*** Extracted entries Section Begins ***

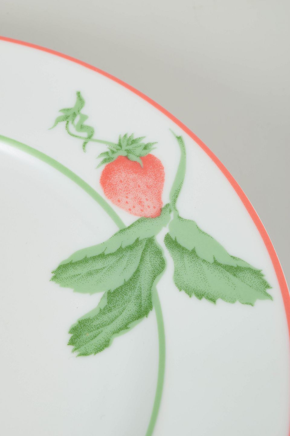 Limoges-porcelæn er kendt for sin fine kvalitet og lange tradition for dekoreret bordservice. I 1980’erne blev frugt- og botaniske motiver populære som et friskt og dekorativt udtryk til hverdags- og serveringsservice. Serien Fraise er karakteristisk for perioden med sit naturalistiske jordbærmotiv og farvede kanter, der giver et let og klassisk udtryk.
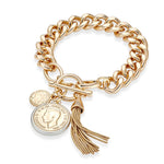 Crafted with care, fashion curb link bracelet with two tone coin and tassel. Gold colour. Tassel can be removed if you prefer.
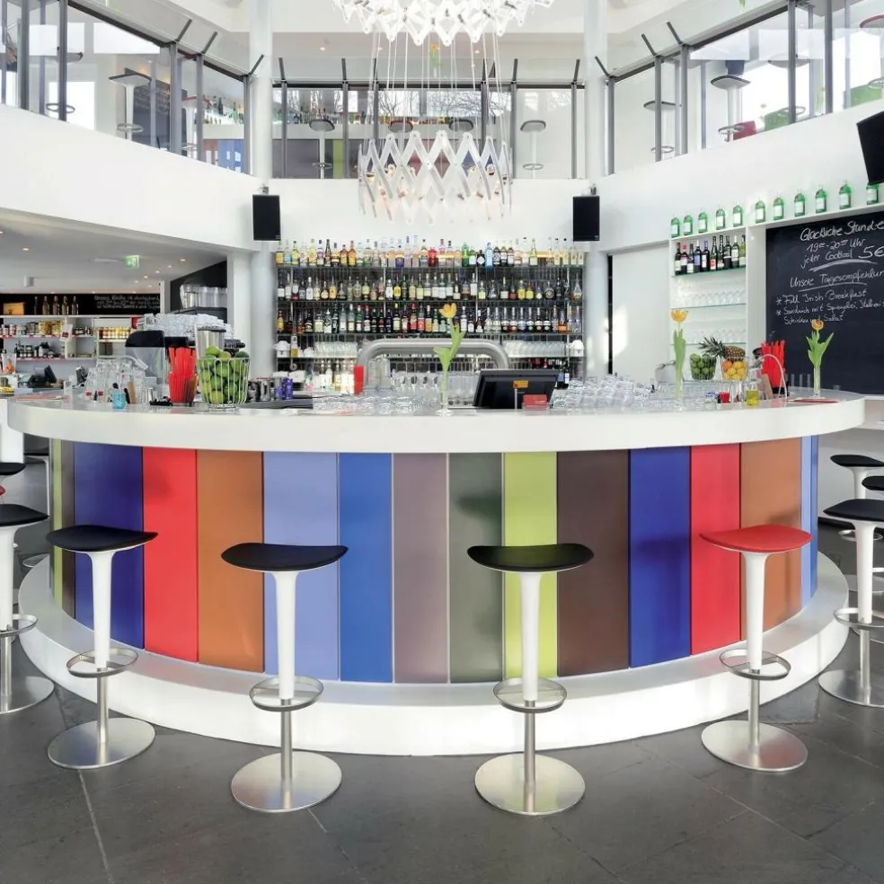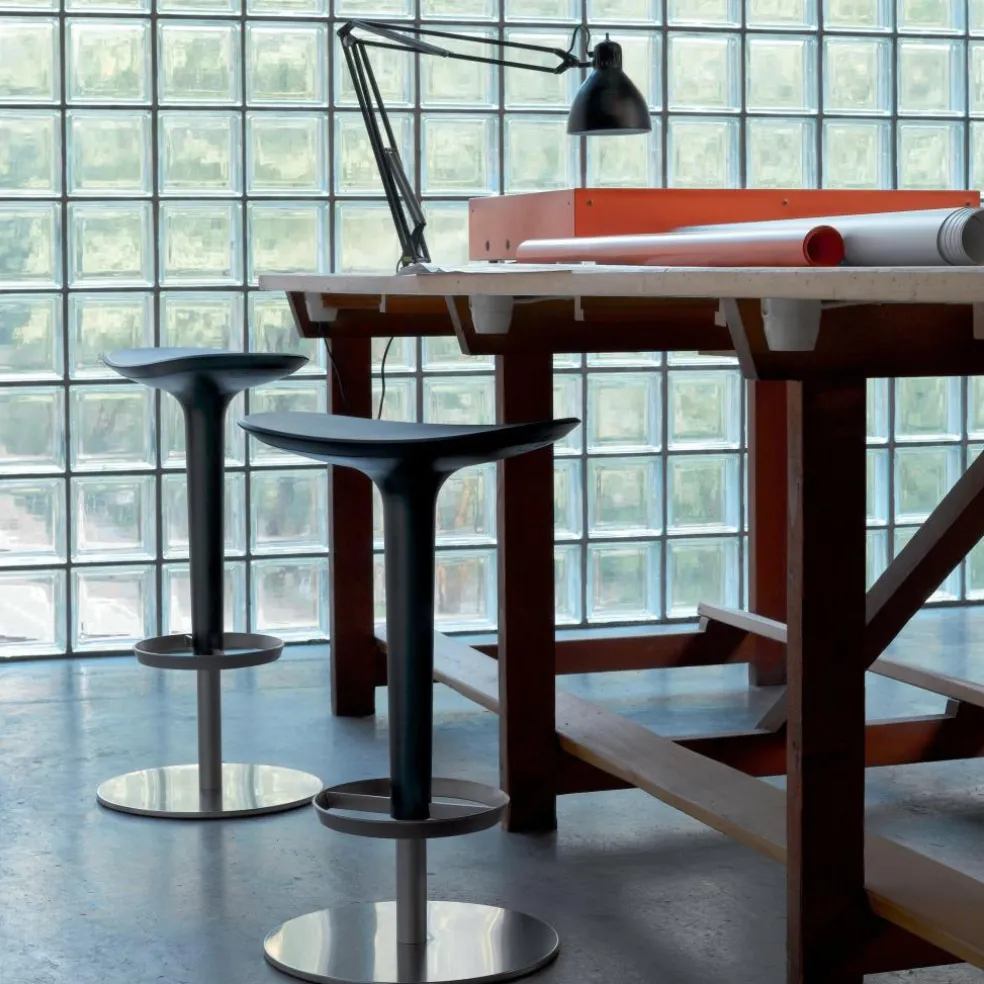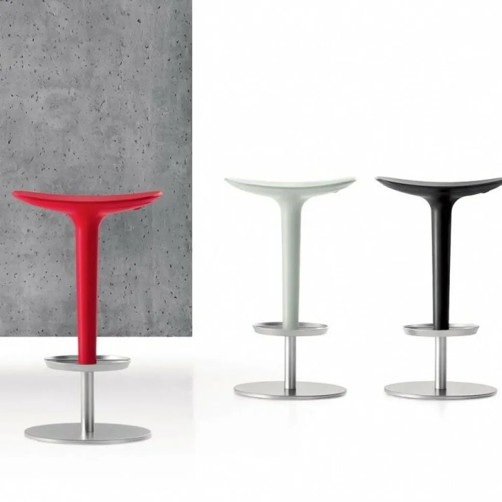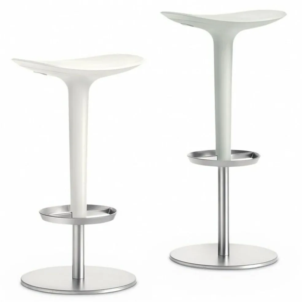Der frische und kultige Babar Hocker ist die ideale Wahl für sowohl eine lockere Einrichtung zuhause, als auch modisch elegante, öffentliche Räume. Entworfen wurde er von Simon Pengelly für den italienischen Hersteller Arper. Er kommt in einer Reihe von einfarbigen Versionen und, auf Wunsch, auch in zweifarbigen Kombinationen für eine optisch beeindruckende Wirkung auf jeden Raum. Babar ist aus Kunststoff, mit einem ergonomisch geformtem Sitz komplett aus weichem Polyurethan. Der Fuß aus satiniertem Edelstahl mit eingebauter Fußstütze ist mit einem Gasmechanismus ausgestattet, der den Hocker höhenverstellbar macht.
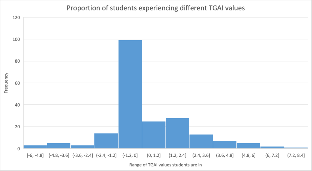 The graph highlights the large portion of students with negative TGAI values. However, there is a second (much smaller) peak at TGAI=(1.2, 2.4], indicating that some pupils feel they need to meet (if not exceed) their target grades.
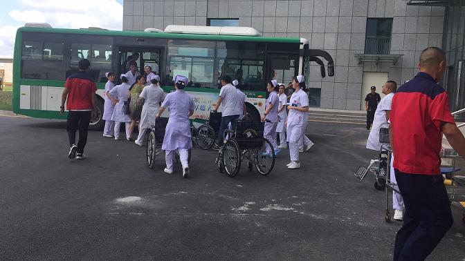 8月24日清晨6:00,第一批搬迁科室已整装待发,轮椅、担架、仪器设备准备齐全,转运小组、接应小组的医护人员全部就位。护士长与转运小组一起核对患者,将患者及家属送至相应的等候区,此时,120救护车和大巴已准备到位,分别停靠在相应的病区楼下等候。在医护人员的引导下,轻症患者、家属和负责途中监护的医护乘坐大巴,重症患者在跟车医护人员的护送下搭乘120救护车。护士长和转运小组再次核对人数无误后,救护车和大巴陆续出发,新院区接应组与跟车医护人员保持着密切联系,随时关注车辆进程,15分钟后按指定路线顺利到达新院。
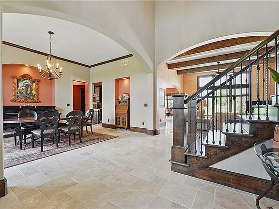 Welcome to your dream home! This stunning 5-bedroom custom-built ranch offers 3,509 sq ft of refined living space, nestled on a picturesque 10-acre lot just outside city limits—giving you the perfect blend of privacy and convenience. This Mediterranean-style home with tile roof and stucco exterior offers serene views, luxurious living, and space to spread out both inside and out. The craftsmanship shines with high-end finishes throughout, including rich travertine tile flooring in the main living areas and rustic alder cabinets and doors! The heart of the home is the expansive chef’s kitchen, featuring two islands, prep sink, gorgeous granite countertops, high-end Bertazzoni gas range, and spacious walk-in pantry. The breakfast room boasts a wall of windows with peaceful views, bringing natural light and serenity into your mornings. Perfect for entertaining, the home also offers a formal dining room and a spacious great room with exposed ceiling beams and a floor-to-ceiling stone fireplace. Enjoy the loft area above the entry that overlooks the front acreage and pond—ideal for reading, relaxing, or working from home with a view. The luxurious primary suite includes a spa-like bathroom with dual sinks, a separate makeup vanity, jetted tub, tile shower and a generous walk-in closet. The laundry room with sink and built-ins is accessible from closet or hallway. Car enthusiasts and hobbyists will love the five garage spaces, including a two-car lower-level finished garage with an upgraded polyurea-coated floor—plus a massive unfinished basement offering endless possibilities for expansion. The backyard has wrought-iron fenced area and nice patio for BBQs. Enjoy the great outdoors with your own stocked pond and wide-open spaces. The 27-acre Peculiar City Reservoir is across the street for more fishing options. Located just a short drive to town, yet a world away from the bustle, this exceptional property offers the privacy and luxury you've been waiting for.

*** Extracted entries Section Ends ***

### Task statement
Please print the lines above word for word, starting at the one with "The graph highlights" and ending at the one with "8月24日清晨6:00,第一", both included, and without any picture.

### Problem solution
 The graph highlights the large portion of students with negative TGAI values. However, there is a second (much smaller) peak at TGAI=(1.2, 2.4], indicating that some pupils feel they need to meet (if not exceed) their target grades.
 8月24日清晨6:00,第一批搬迁科室已整装待发,轮椅、担架、仪器设备准备齐全,转运小组、接应小组的医护人员全部就位。护士长与转运小组一起核对患者,将患者及家属送至相应的等候区,此时,120救护车和大巴已准备到位,分别停靠在相应的病区楼下等候。在医护人员的引导下,轻症患者、家属和负责途中监护的医护乘坐大巴,重症患者在跟车医护人员的护送下搭乘120救护车。护士长和转运小组再次核对人数无误后,救护车和大巴陆续出发,新院区接应组与跟车医护人员保持着密切联系,随时关注车辆进程,15分钟后按指定路线顺利到达新院。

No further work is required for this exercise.